As your organization conducts more and more online surveys, eventually it runs into issues coordinating survey requests across the range of potential respondents.

One solution is panel management software, to centrally manage your respondents and those who have access to them via surveys. But before you can begin to evaluate the dozens of great suppliers out there, you need to make sure you understand your own requirements.

Most panel management systems support powerful questionnaires, rich panel profiles, and detailed reports. But they differ in many ways. The following questions will help you get at key points of differentiation between systems.

The Basics

Some panel management software charges by user, some by panel size, and some by the number of survey responses. So these become key questions when comparing systems.

How many panelists (potential survey respondents) do you plan on storing in the system?

How many survey responses will you want to collect over a year?

How many different people within your organization and your partner research organizations will be able to log in to the system? How many will be creating surveys? How many will just be reviewing reports? Different classes of users sometimes are priced differently.

Do you want a hosted solution or software that you will install on your own servers?

Integration

If you will have dozens or hundreds of users, do you want Single Sign On support, so that they don’t need separate user names and passwords to log in to the panel management system?

Will you automatically empanel respondents by adding details from other systems, such as your CRM system, a customer service portal, or your web site?

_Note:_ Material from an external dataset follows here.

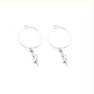 Earring Hoop w/ Pave Diamond Lighting Bolt Pendant Sterling Silver by Jungle Via
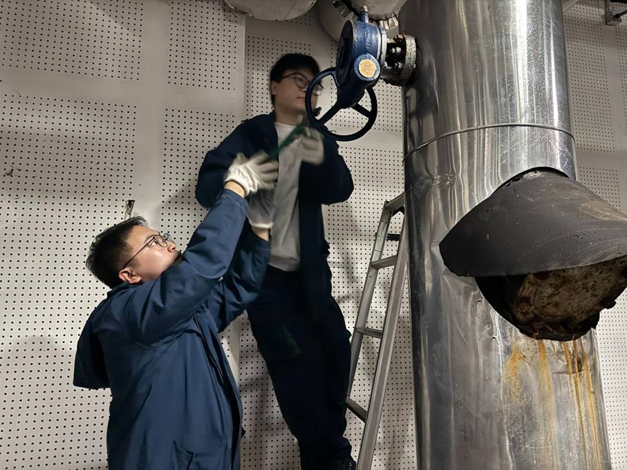 辽阳东路车辆基地的综合楼夹层里,场段风水电检修工高文涵与同事们用设备运行声迎接新年。他们检查风机轴承的细微震动,校准VRV空调机组的冷媒压力与蒸发温度,记录锅炉房内的补水流量与循环泵电流数据,守护着列车“家”的安全。“这个‘家’安全了,整条线路的运转才有根基”,他们用一次成功的故障预排除、一份完整的巡检记录,兑现首班列车准时出发的承诺。与此同时,变电专业值守人员在变电所内紧盯电压、电流参数,核查变压器、直流屏运行状态,备足抢修物资,守护着列车运行的“能量之源”。

If you are recruiting panelists from across the Internet, do you want new panelists to be able to sign up using their Facebook or LinkedIn accounts, thereby giving you much more information about them?

Panel Membership

Different classes of software with panel management functionality often have quite different views on where members come from: enterprise feedback management systems are typically about empaneling customers, community panel providers are focused on MROCs (Market Research Online Communities), and branded panels offer subsets of their panel supplier’s respondents.

Do you want panelists to be able to talk with one another in community forums?

Do you want integration with a panel company to assist you in recruiting panelists?

What type of incentives will panelists require to complete surveys? No incentives (typical for customers), point-based incentives with rewards catalogs (typical for general panels), or financial incentives (needed for specialty panels with in-demand audiences like IT directors or medical professionals)?

Questionnaire Functionality

Every system now offers rich questionnaire design capabilities. But they do differ on some of the latest advances in automation.

Will you be performing choice exercises, such as conjoint or MaxDiff?

Do you want to support gamification exercises in addition to standard questions?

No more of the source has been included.